The D3.js API contains several hundred functions, and for convenience they are divided into logical blocks, one of which is the Layouts block. It contains the functionality of visual display of data-related elements relative to each other. Layouts receive a series of input data, apply an algorithm or heuristic to them, and display the result in a graphical representation of the data.

Layouts are not much different from d3.svg path generators in that they help transform the data for their visual presentation. However, Layouts, as a rule, work with the data set as a whole, and not separately. In addition, Layout results are not limited to one SVG. Some Layouts are dynamic in time: for example, Force Layout, where, after executing the .start () method of the instanced3.layout.force () can track events of the 'tick' update of the layout.

More than a dozen Layouts are built into D3. Their instances are often functions (although not necessarily) that can be configured and then applied to the dataset. In other cases, separate methods or event handlers are used to enter data and present the result. To use, you need to look at the documentation of each specific Layout.

Force layout

A flexible force-directed graph is visualized using the Verlet method of numerical integration to impose restrictions on the movement of graph elements relative to each other. You can read more about physical modeling here . This implementation uses the quadtree module (quadrant tree) to accelerate the interaction of graph nodes with each other, using the Barnes-Hut approximation . In addition to the repulsive charge force of the node, the pseudo-gravitational force gravity keeps the nodes in the visible region and avoids pushing unbound subgraphs out of the scope, while the graph bonds have a fixed linkDistance lengthand play the role of geometric constraints. Additional user effects and restrictions can be applied in the tick event by updating the attributes of the x and y nodes. For a comprehensive overview of the features with examples, see the video report from one of the key D3 developers Mike Bostok and the presentation from this report. Some fun examples: divergent forces , multiple foci , graph constructor , force-directed tree , force-directed symbols , force-directed images and labels , force-directed states , sticky force layout


Like other classes in D3, Layouts follow a method chaining technique when setter methods return their Layout, allowing you to build multiple setters in a single call chain. Unlike some other Layouts implementations, Force Layout maintains a link to nodes and graph links within itself; thus, each Force Layout instance can be used with only one data set.

d3.layout.force ()

Creates a new force-directed layout with the following default settings: size 1 × 1, link strength 1, friction 0.9, distance 20, charge strength -30, gravity strength 0.1, theta parameter 0.8 (the listed parameters will be described below). By default, the nodes and links of the graph are empty arrays, and when Layout is started, the alpha internal cooling parameter is set to 0.1. The general template for building force-directed layouts is to set all configuration properties, and then call the .start () method :

var force = d3.layout.force()
    .size([w, h])

Note that, unlike other D3 Layouts, force-directed layout is not associated with a specific visual representation. Usually nodes are displayed as SVG circle elements, and links are displayed as SVG line elements. But you can also display nodes as symbols or images .

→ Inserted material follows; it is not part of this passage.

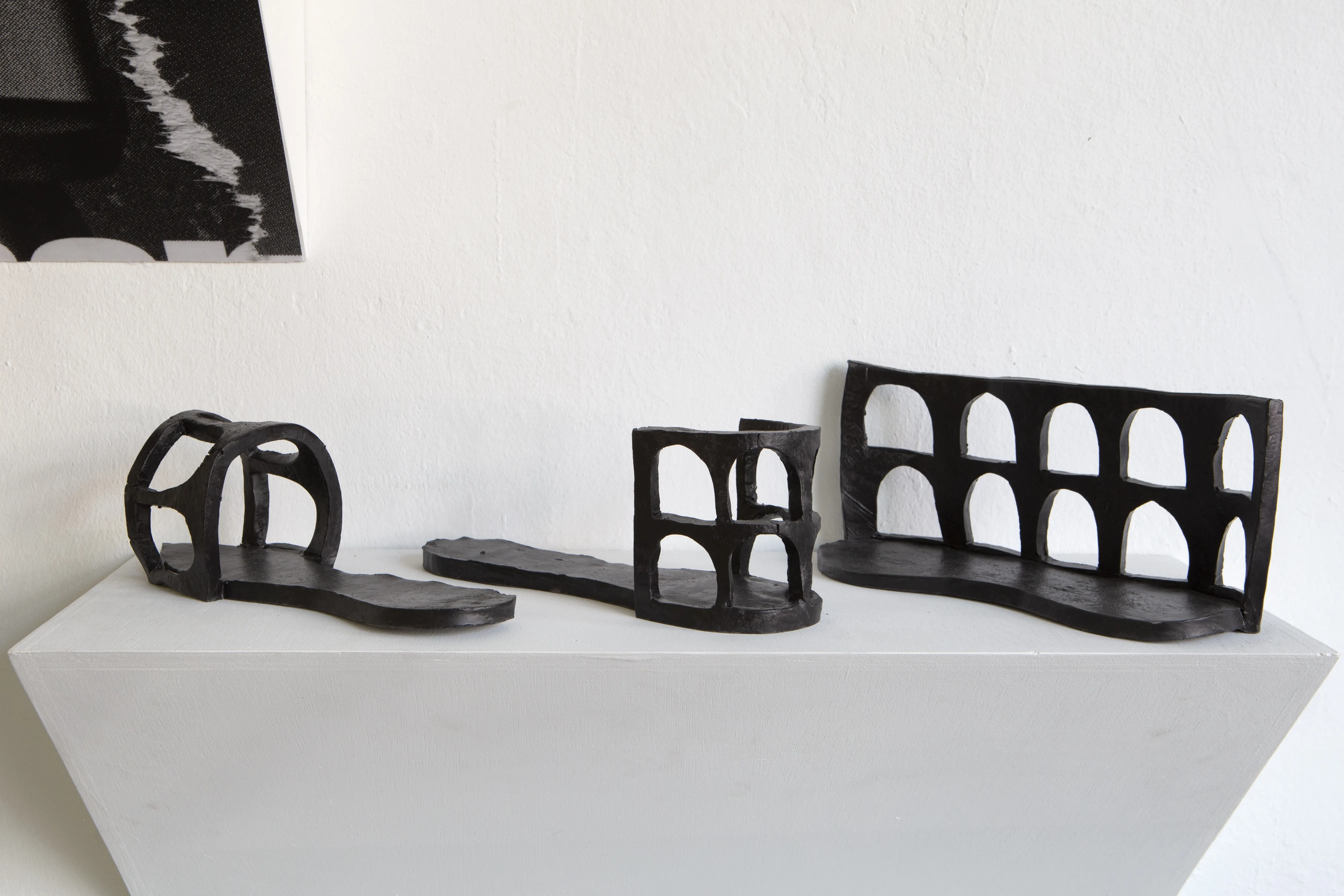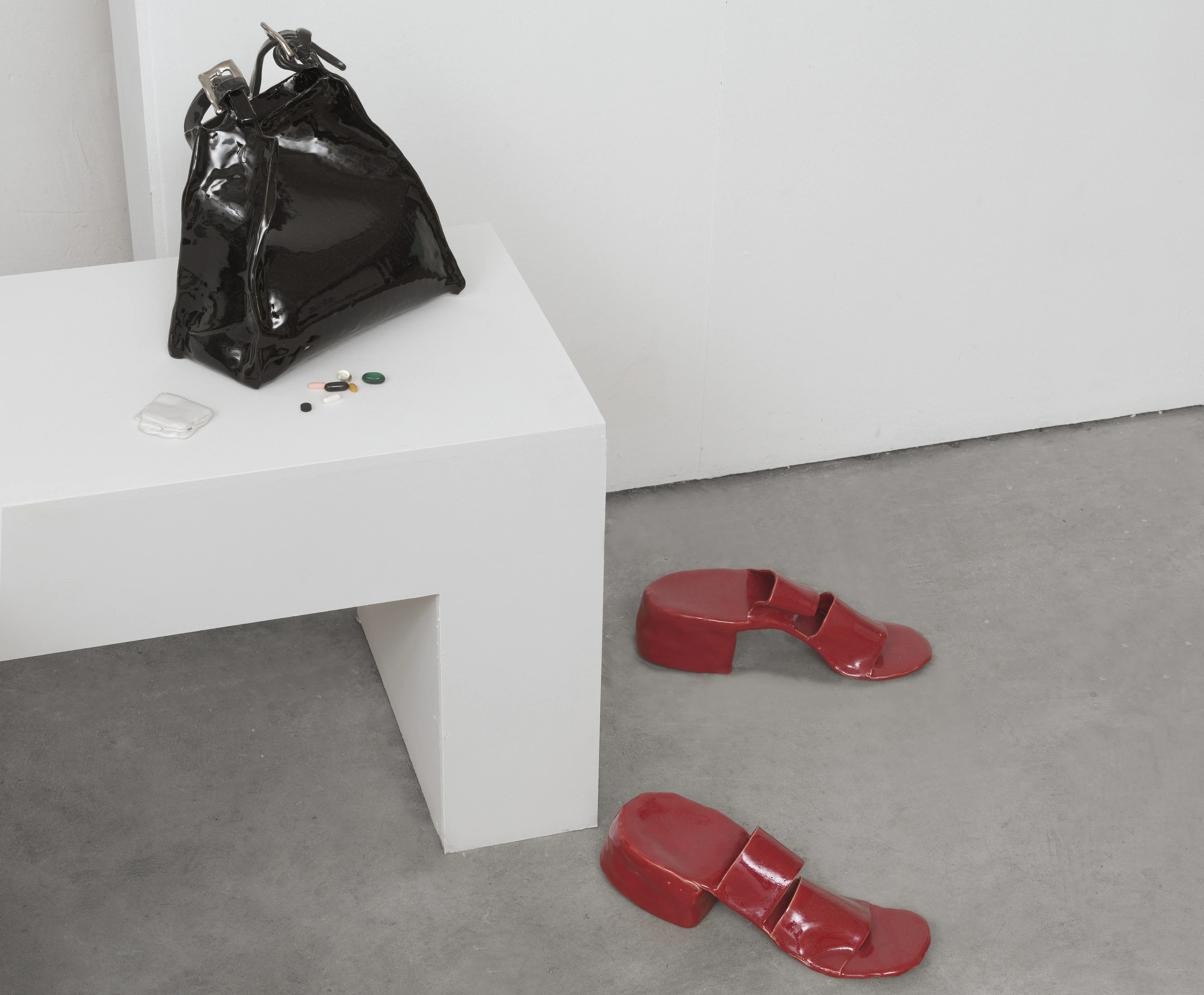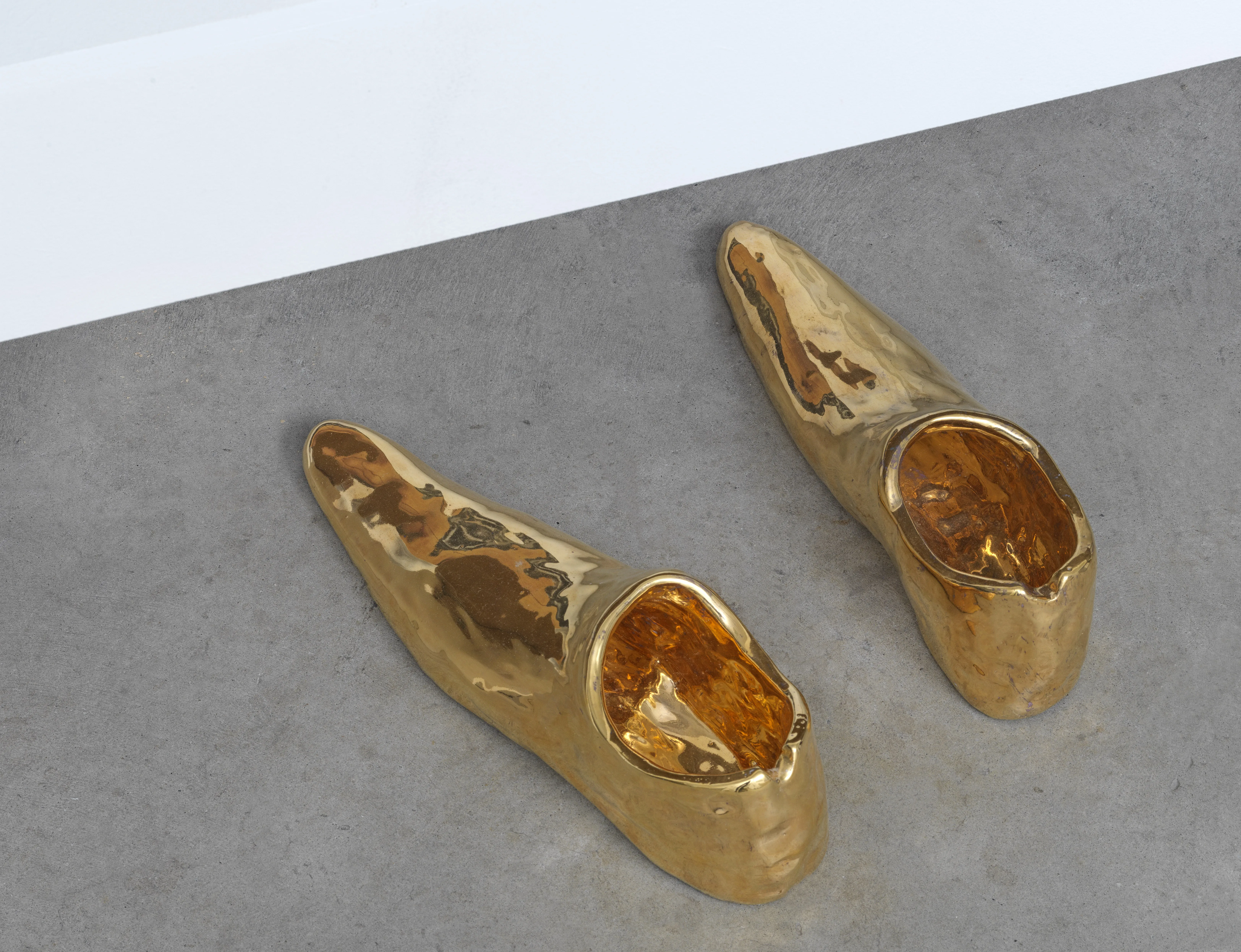 Starting as first a mental collection and later a slowly growing folder of snapshots of encountered shoes over the years, the exhibition zooms in on this medium within a medium and the shoe as a vessel for ideas, dreams and values. Some of the works allude to a feeling of home, others explore gender roles, capitalist fetishes and futures, or simply act as containers for larger sculptures. Whilst the shoestore-like scenography might suggest otherwise: these shoes are not just objects, and certainly weren’t made for walking.

force.size ([width, height])

If the size parameter is passed, sets the available layout size (width and height). Otherwise, returns the current size, which by default is [1, 1]. In the force-directed layout, size affects two things: the gravitational center and the initial random position of the added nodes (their x and y coordinates). The center of gravity is calculated simply [x / 2, y / 2]. When adding nodes to the Force Layout, if they do not have the x and y attributes already set, then these attributes are initialized using a uniform random distribution in the range [0, x] and [0, y], respectively.

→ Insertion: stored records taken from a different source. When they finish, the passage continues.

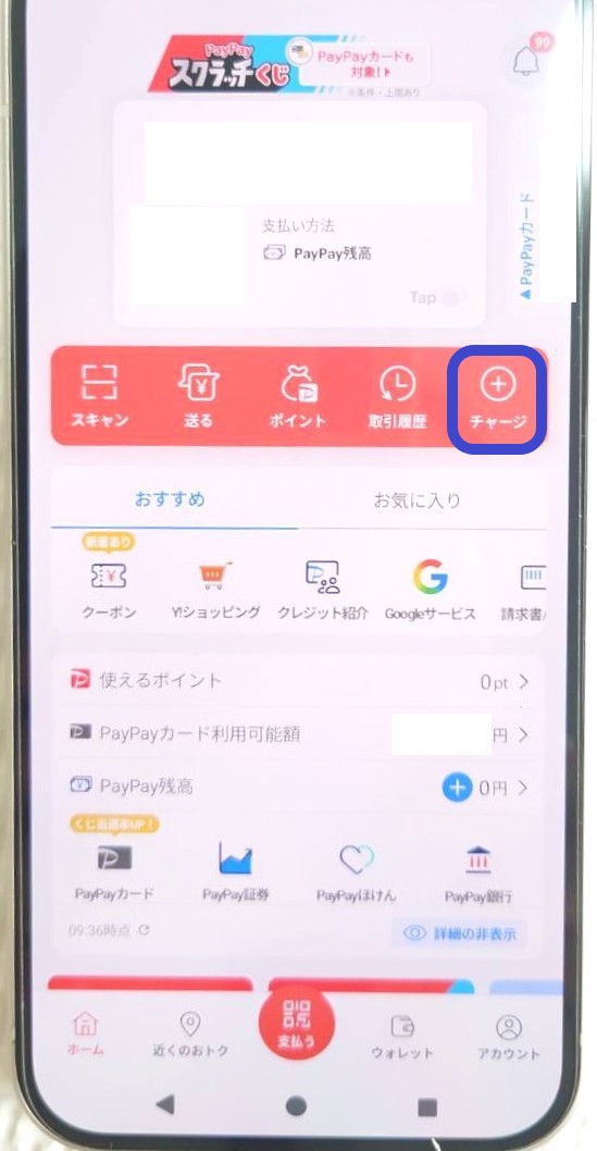 初めに、PayPayアプリの「チャージ」をタップし、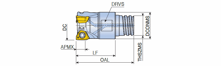 90° Modular end mills with MAXIRUSH adaptation & high positive three helical cutting edges of 3PKT 04 inserts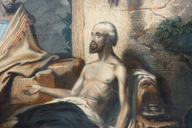 Giobbe sul letamaio, stampa a colori, E. David lith., XIX secolo, cm 49x60,5, entro cornice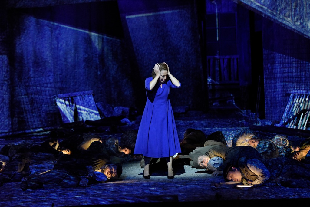 Мрачный колорит безбожия и разложения находит отражение и в грандиозной сценографии Харальда Б. Тора: гигантская многоэтажная конструкция вызывает аллюзии как на незавершённую стройку (коммунизма?), так и на заброшенное место недавних военных действий, и даже на последствия стихийного бедствия. Видеоинсталляции, сопровождающие сексуально-невротические видения главной героини, оживляют этот урбанистический пейзаж, напоминая о мутной глубине подсознания и животных страхов и страстей, вихрем несущих главную героиню к погибели.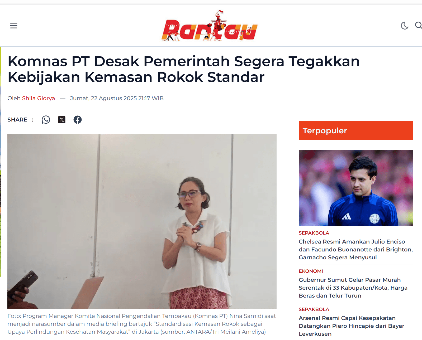 Pantau – Program Manager Komnas PT Nina Samidi menegaskan bahwa Pemerintah Indonesia harus segera menegakkan kebijakan kemasan rokok standar tanpa penundaan demi melindungi kesehatan masyarakat.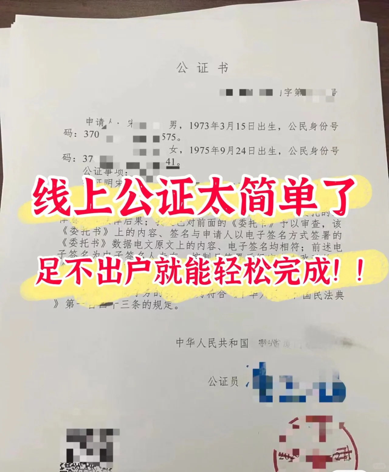 哪些公证可以线上办理 在线公证适用的范国非常广泛,包括一般的委托公证(例如房产委托公证、办理货款委托公证、委托设立或注销公司等)、一般涉外公证(例如出生公证、身份证公证等)、银行赋强公证、夫妻协议公证、离婚变更或协议公证等。 遗嘱、遗赠扶养协议、认领亲子、收养关系、解除收养关系、生存状况等与人身密切关系的公证事项,应当由本人亲自申办。(简单一句话 来说就是特别容易产生纠纷的公证都是需要涉及 所有人亲自取公证处现场签字确认办理的) 线上公证优势在哪里 ️ 1.简单在线公证可以实现“零接触”“零跑腿”,不需要反复前往公证处递交材料 2.专业!!一对一分析客户情況 可以为客户提供 最好的方案 3.透明!!办理进度随时反馈 4.轻松!!无需本人亲自到场,通过线上视频的方式超越空问和时问的局限,随时随地可操作,方便,快捷 5.迅速!!在线操作之后可当场审核,1-2个工作 日即可出证 6.正规!!支持全国办理,不限地区、不限户籍,公证书上的二维码也都支持在线查验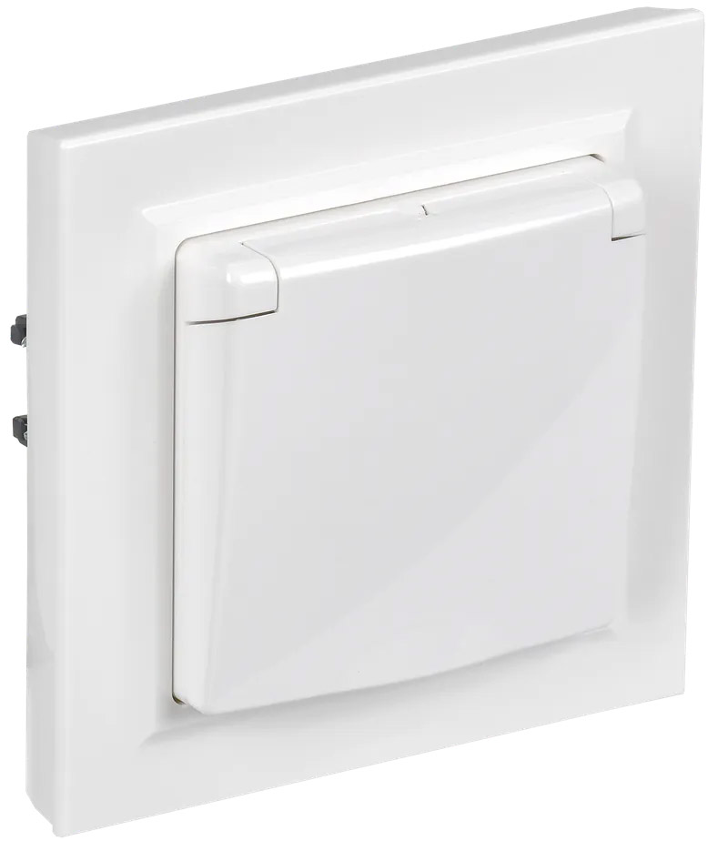 Розетка BRITE, со шторками, с крышкой, с заземлением, одинарная, винтовые клеммы, цвет - белый

force.linkDistance ([distance])

If the distance parameter is passed, sets the distance specified in it between the connected nodes (length of links). Otherwise, it returns the current length of links, which is equal to 20 by default. If distance is constant, then all links will have the same length. Otherwise, if distance is a function, then this function is calculated for each connection (in order). The function takes two arguments - the relationship and its index; the context of the thisfunction matters the current Force Layout. The value returned by the function is used to set the length of each bond. The function is calculated at startup (method . Start () ) of the layout.

Connections are implemented not as “elastic forces”, which is common in other force-directed layouts, but as weak geometric constraints. For each layout tick event, the distance between each pair of connected nodes is calculated and compared with the target distance; then the bonds move closer or farther apart until they converge at the desired distance. This approach, coupled with the Verlet method of numerical integration, is much more stable than approaches using elastic forces, and also allows the flexible implementation of other constraints in the tick event handler , such as a hierarchical representation.

force.linkStrength ([strength])

If the strength parameter is passed, sets the specified bond stiffness in the range [0,1]. Otherwise, it returns the current stiffness, which is equal to 1 by default. If strength is constant, then all bonds will have the same stiffness. Otherwise, if strength is a function, then this function is calculated for each relationship (in order). The function takes two arguments - the relationship and its index; the context of the thisfunction matters the current Force Layout. The value returned by the function is used to set the stiffness of each bond. The function is calculated at startup (method . Start () ) of the layout.

force.friction ([friction])

If the friction parameter is passed, sets the specified coefficient of friction. Otherwise, returns the current coefficient, which defaults to 0.9. The name of this parameter is possibly misleading; it does not correspond to the standard coefficient of friction (from physics). Rather, it is more similar to speed attenuation: for each event of the 'tick' of the simulation process, the speed of nodes is calculated based on the friction parameter . So, a value of 1 corresponds to a frictionless environment, and a value of 0 freezes all nodes in place. Values ​​outside the range [0,1] are not recommended and may have destabilizing effects.

force.charge ([charge])

If the charge parameter is passed, sets the specified node charge power. Otherwise, returns the current charge strength, which by default is -30. If charge is constant, then all nodes will have the same charge strength. Otherwise, if charge is a function, then this function is calculated for each node (in order). The function takes two arguments - the node and its index; the context of the thisfunction matters the current Force Layout. The value returned by the function is used to set the charge strength of each node. The function is calculated at startup (method . Start () ) of the layout.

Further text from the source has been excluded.